С тех пор прошло почти тридцать лет. Светило апрельское солнце. Энергичная суматошная жизнь Нью-Йорка вступала в весеннюю фазу. Заммлер сидел, откинувшись, на оранжевом диване, обитом неким подобием кожи. Его ноги покоились на финском коврике (фон коричневый, в середине желтое ядро с веретенами деления). Заммлер смотрел на улицу, а на улице стоял пустой дом, на стекле которого дух времени при неосознанном участии какого-то мальчишки оставил пророческий знак.

Может быть, наш биологический вид сошел с ума?
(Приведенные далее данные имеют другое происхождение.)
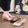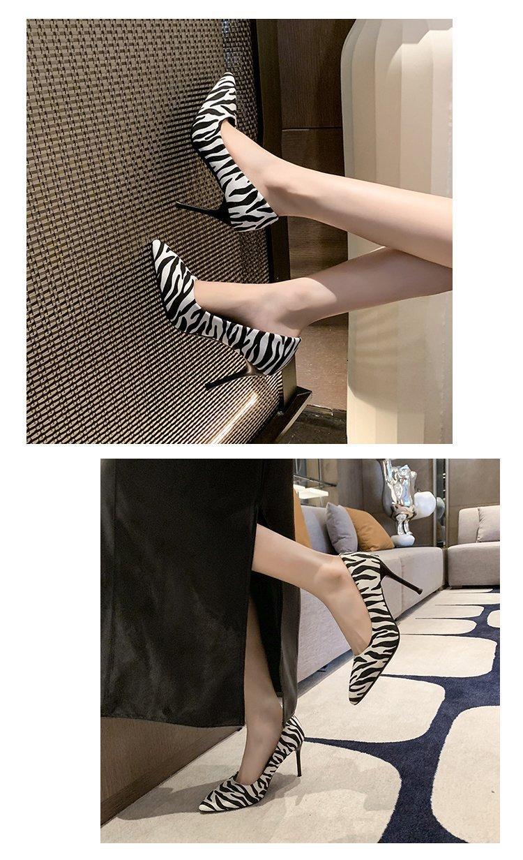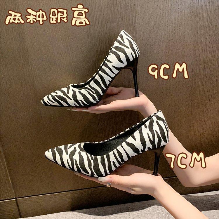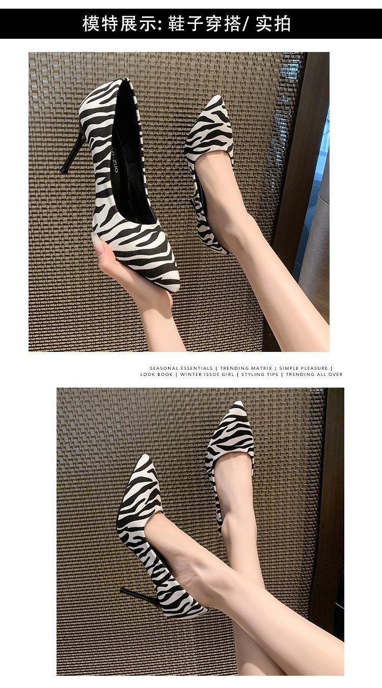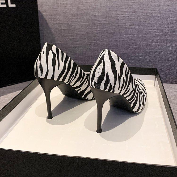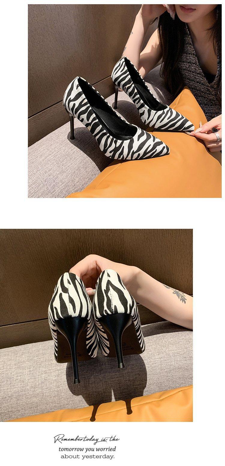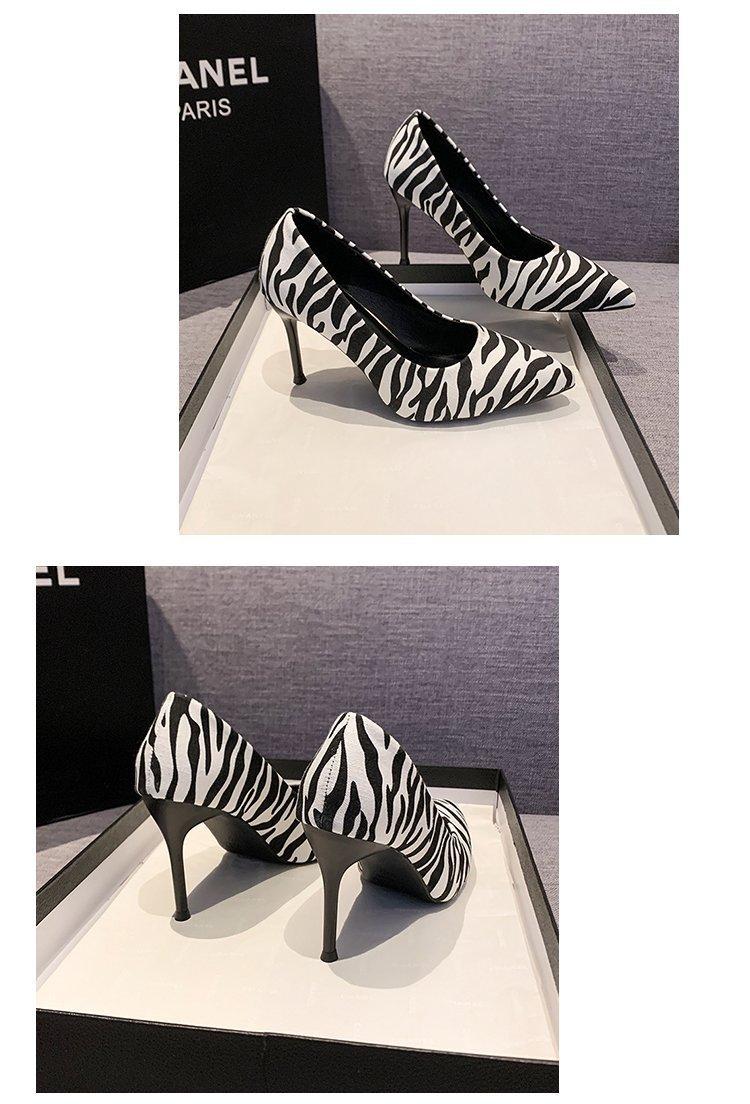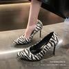 Zapatos de tacón alto transfronterizos para mujer, otoño 2024, nuevos zapatos de tacón de aguja puntiagudos a rayas, comercio exterior, talla grande 43, zapatos de moda para mujer

Признаков этого более чем достаточно.

Конечно, все в человеческом мире кажется изобретением человека. Даже умопомешательство, вероятно, является плодом его агонизирующей изобретательности. На данном этапе эволюции высказываются гипотезы (оказавшие немалое влияние на Заммлера), согласно которым возможных состояний всего два: святость и безумие. Мы безумны, если мы не святы, а святы мы только в том случае, если нам удается воспарить над безумием. Гравитация сумасшествия с сокрушительной силой тянет безгрешное существо вниз. Немногие понимают, что именно способность каждый день усердно исполнять свои обязанности делает праведников праведниками, а героев героями. Немногие. Больше таких, кто начинает фантазировать о вознесении в высшие сферы, как только почувствует себя в достаточной мере сумасшедшим.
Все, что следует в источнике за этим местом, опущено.